Could anyone explain how does it works? Are my suggestions the keys for the answer? Is putting a series current limiting resistor for every string and using CV source a more robust solution and why not do it in this way?

• Zoom in on the photo ... there are components with designator "R" in the middle of each string. I'll let you guess what they do. Jan 22 '20 at 13:24
• Definitely, not resistors. These are 660 nm leds, in this case "R" means "Red", I suppose Jan 22 '20 at 15:35

using LEDs with very similar parameters (Vf), using LEDs with same binning. But actually, according to datasheet Samsung LM301B leds have 1V of Vf variation even inside every binning group.

I think you missed a decimal place there? The AY bin LM301B LEDs is actually speced with a min/max Vf of 2.6 to 2.7V. That is a very tight spec, so the difference between individual diodes will be very small.

Could anyone explain how does it works?

The absolute maximum difference is very small, the average difference smaller still, and 18 diodes are put in series. If you take a small variation and average it 18-fold, you get an absolutely tiny variation between parallel strings.

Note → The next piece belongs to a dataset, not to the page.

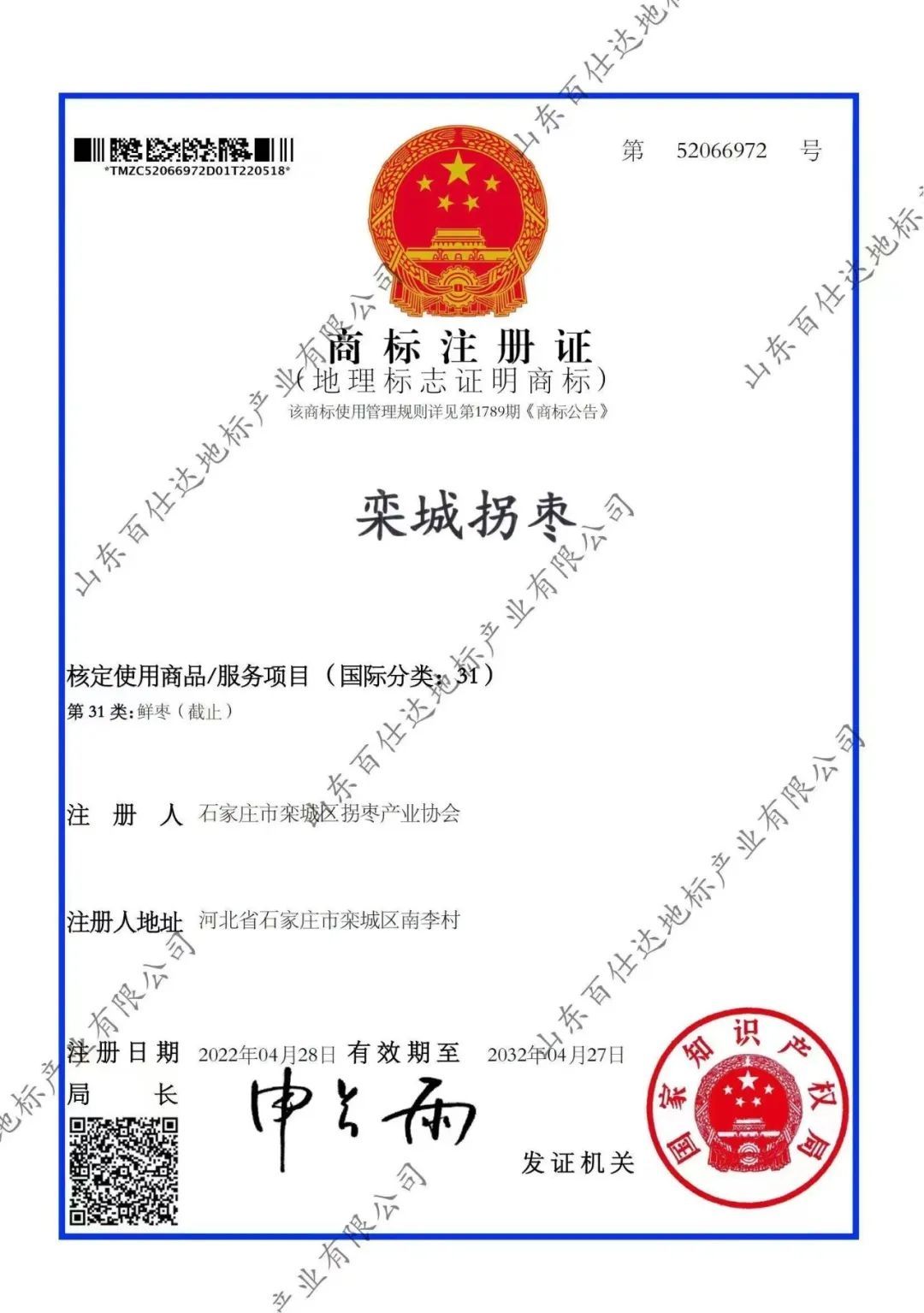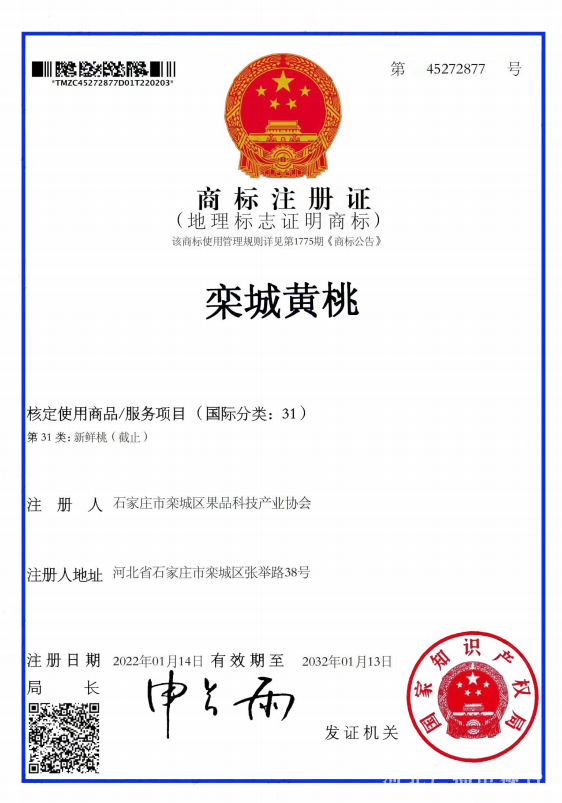冀时客户端报道(河北台 杜岩卿 王岩 通讯员 董辉)近日,石家庄市栾城区新添3件国家地理标志证明商标“栾城葡萄”“栾城黄桃”“栾城拐枣”。至此,栾城区地理标志证明商标数量达到了7件,其余4件为栾城草莓、栾城仙客来、栾城黑土豆、栾城无花果。

For example, if you assume the average variation is 50mV, and averaging that 18-fold will reduce that to about 12mV, or about 0.02%. That is insignificant.

Is putting a series current limiting resistor for every string and using CV source a more robust solution and why not do it in this way?

If you bought a quantum board, you paid many times what a normal LED costs for a high efficiency diode with the lowest possible forward voltage so that you can save electrical power. Putting a series resistor to drop voltage would defeat the purpose of having spent that money.

• Definitely yes. It should be 0.1V. Thanks for correction. Jan 22 '20 at 18:30
• Great thanks for detailed explanation! Jan 23 '20 at 11:38

Look again: -

I see R1 to R10.

• I'm betting the "R" stands for "Red LED" as these things definitely don't look like resistors, and the description mentions 16 red LEDs... Jan 22 '20 at 13:52
• @peufeu it's a good spot and you could be right. The bigger picture is not to assume anything about a product whose details are scant at best. After all, who is to say what's on the underside of the board that might make a mockery of any assumptions? Jan 22 '20 at 14:02
• It's not resistors, it's 660nm deep red leds. In this case i'm sure there are no elements on bottom layer: it's aluminium PCB, adding bottom layer will increase cost, and will not allow to attach PCB to heatsink. This PCB even don't have vias and all elements are surface mount and it looks reasonable. Jan 22 '20 at 14:10
• @plumbum_by What does the product specify should be used as a power supply? Are there more product details anywhere? It's usually the case that lack of product details can mean lack of product quality and so you can't really make generic design assumptions based on what you see in a product that might be somewhat lacking in quality documents. Jan 22 '20 at 14:20
• You can find more details via link: horticulturelightinggroup.com/collections/quantum-boards/… And it also is selling as a kit with Meanwell HLG-120H-54A constant current power supply horticulturelightinggroup.com/collections/kits/products/… Jan 22 '20 at 14:54

There are plenty of LED lamps that don't have current limiting resistors and rely on the LEDs being equal. This often is not a problem or not seen as a problem.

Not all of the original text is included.